Annabel, let me have Russ address the first piece of that, and Jeff can talk about the submission.
Thank you.
Yeah. When I think about it in terms of, you know, where we are, you know, taking reimbursement, and if I use the word hits, I wouldn't characterize it as that. I would characterize it as we're seeing excellent reimbursement and consistent reimbursement, and we're making sure that that's exactly the way that it plays out over all the key countries that we're focused on. You know, we have not seen any changes in overall reimbursement. We have seen some changes in terms of the type of use.
Okay. Not in terms of the pricing?
No.
Okay.
Regarding the NDA submission, you know, we've substantially completed the data collection and remediation that we feel is required to meet the FDA's standards. In our discussions with FDA, we think we're on track with that. Currently, where we're targeting is to complete the CMC module, which is gonna be going in next, and then subsequently the clinical modules, which will be the final stage of the submission. Just we're working toward getting that as quality as we can. I think we're still on track with our initial projections. But obviously, quality is gonna be something we're gonna be looking at all along the way from this point forward.
Thank you.
Next question comes from the line of Michael Faerm with Wells Fargo. You may proceed.
Hi. Thanks for taking the question. Now my question's on XYREM guidance, and it's specifically about the assumption for a single price increase next year. That's a departure from what we've seen in the past several years. I'm wondering, does that reflect changing dynamics you're seeing, whether it's in terms of reimbursement pushback or, you know, maybe detecting changes in the relationship between volumes and prices, price increases? Or is it you being conservative or is it some combination? Thank you.
Yeah. Mike, this is Bruce. I think, you know, we have been pretty consistent over a number of years at not commenting specifically on forward pricing strategy, whether that's magnitude of or frequency of, price increases. I wouldn't read anything more into what we're saying now than our current guidance for the year based on what we've already done. In terms of are we seeing any changes in payer dynamics, maybe I'll have Mike comment on that a little bit.
Sure. Bruce, yeah, in terms of the increasing reimbursement environment and you know how it's playing out, keep in mind that this is really a specialty pharma phenomenon, not just a XYREM phenomenon. Despite that, we have maintained very good coverage rates. We're very pleased through Q1 2015 with the manner in which SDS has handled the PA volume and the processing. We are pleased.
Thanks.
Our next question comes from the line of Gary Nachman with Goldman Sachs. You may proceed.
Hi, good afternoon. Bruce, on the DTC for XYREM, has it been enough time to see if the TV ads really had an impact? It sounded pretty definitive that you didn't see a result so far, but I'm just curious why you didn't, why you think it didn't have the impact you expected and, you know, why you think it's not worth it to continue with these programs going forward? Thanks.

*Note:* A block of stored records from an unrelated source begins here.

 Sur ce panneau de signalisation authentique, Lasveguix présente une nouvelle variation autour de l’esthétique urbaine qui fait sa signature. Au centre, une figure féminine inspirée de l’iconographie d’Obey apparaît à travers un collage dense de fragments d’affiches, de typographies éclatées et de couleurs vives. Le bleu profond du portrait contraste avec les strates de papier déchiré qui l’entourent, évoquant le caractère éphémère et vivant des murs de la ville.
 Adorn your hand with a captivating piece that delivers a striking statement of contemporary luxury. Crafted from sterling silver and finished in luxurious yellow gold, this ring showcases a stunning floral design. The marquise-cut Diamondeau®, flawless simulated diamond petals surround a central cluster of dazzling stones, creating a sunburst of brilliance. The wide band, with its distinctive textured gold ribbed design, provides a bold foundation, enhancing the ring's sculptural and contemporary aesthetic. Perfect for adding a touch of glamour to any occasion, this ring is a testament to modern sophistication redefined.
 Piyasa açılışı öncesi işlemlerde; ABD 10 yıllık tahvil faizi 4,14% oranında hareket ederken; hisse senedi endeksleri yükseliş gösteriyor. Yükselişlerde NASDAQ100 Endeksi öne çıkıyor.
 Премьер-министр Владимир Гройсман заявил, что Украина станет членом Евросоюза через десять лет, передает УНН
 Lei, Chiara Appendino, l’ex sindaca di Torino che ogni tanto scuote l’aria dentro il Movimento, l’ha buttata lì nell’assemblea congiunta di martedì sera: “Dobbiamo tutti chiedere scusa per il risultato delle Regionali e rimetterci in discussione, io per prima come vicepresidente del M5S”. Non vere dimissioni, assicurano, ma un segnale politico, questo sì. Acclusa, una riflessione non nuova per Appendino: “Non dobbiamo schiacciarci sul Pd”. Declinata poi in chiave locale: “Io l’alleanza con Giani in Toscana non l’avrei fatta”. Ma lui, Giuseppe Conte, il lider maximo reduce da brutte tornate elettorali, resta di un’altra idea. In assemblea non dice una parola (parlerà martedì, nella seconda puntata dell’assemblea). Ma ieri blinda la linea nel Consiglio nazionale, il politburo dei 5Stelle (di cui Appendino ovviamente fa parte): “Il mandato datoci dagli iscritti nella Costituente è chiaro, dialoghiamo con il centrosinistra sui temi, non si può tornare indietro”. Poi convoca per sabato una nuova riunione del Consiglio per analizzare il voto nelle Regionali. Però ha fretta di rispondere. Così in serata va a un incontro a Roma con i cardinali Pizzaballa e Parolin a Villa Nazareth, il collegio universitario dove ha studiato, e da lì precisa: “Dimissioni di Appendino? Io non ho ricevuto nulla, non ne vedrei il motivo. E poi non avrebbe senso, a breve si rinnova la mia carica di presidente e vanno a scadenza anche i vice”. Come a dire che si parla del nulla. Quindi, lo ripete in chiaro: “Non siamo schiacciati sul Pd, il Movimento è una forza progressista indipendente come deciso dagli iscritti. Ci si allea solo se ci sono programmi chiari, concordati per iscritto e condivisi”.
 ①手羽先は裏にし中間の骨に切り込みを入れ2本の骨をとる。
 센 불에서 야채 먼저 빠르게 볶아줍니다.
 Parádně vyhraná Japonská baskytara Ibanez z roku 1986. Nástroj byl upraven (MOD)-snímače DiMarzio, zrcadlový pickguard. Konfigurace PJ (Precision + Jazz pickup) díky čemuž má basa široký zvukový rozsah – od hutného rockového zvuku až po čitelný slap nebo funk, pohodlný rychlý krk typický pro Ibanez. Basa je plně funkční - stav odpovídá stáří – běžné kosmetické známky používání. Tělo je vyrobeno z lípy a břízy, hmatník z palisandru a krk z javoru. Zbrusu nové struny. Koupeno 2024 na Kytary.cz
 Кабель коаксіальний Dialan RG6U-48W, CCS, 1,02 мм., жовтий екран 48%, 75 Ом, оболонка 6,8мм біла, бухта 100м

Yeah. Let me start and then maybe I'll have Mike add on. You know, our campaign, which just technically I'll say is not a DTC campaign because it's not branded. We're doing a disease awareness campaign. You know, we recognize that there's some time to diagnosis with narcolepsy. You know, one of the reasons we're attacking this problem in the first place is we're aware that patients can often go many years, sometimes five to 10 years or more, from emergence of initial symptoms to ultimate correct diagnosis of narcolepsy, and we're seeing if we can impact that. You know, we certainly understand there could be some lag between the start of that process, which might be getting in to see a sleep specialist and the conclusion of that process, and I'll let Mike comment a little bit on that.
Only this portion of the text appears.